В следующем году она вышла оттуда, протрезвевшая, с нетерпением ожидающая воссоединения с друзьями. Но когда Нэн вернулась в город, он был уже не таким, как прежде. Поступь смерти ускорилась. В 1989 году Голдин курировала знаковую выставку в одной из расположенных в деловом центре города галерей. Выставка получила название «Свидетели: против нашего исчезновения». В экспозиции были представлены произведения людей, жизнь которых попала под удар СПИДа. Войнарович был автором эссе для каталога, в котором обвинил политический истеблишмент правого крыла в отказе финансировать исследования ВИЧ, что позволило эпидемии беспрепятственно разрастаться. Одной из причин, по которым американские политические руководители так оставались в стороне и ничего не делали, чтобы вмешаться, было морализаторское «сами виноваты». Считалось, что группам населения с самой массовой заболеваемостью – мужчинам-геям и наркоманам, употреблявшим наркотики внутривенно, – некого винить, кроме самих себя, что СПИД, по сути, является результатом выбранного ими образа жизни. Некоторые представленные на выставке работы принадлежали друзьям Нэн, которые уже умерли: например, автопортрет Худжара. Еще одна художница и подруга Голдин, Куки Мюллер[1893], умерла всего за пару дней до открытия выставки. Казалось, круг общения Нэн выкашивала чума. Три года спустя умер и Войнарович.
Нэн Голдин выжила.
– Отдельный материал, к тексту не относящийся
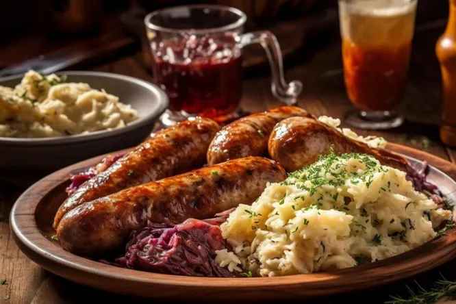Любимое блюдо жителей Мюнхена — сауркраут с сосисками. Переводится это название просто — кислая капуста. Отличие ее от привычной квашеной в том, что ее могут подавать как в холодном, так и горячем виде. Именно о последней вариации и пойдет речь. Готовится она просто и быстро — ждать, пока она настоится две недели, не понадобится.

Но ее нередко преследовало своеобразное чувство вины уцелевшего: она думала о друзьях, которые смотрели на нее с ее собственных фотографий, о друзьях, многие из которых уже ушли. Ее творчество нашло новых горячих поклонников. Музеи устраивали ретроспективы ее творчества. Со временем портреты умерших друзей Нэн заняли места на стенах некоторых из самых прославленных художественных галерей мира. В 2011 году Лувр открыл перед Голдин свои дворцовые залы после окончания часов посещений, чтобы она, босая, могла пройти по широким мраморным галереям и фотографировать выставленные произведения искусства для инсталляции[1894], в которой противопоставляла изображения картин из музейной коллекции произведениям собственного творчества. Хронистка «жизни на задворках» стала канонической фигурой.
В 2014 году, когда Голдин была в Берлине, у нее случился острый приступ тендинита[1895] в левом запястье, причинявший ей сильнейшую боль. Она обратилась к врачу, который выписал ей рецепт на ОксиКонтин. Голдин была наслышана об этом препарате, знала, что у него репутация опасного аддиктивного наркотика. Но собственная история употребления тяжелых наркотиков, вместо того чтобы делать Нэн более осторожной, порой придавала ей бесшабашную смелость. Она решила, что сможет с этим совладать.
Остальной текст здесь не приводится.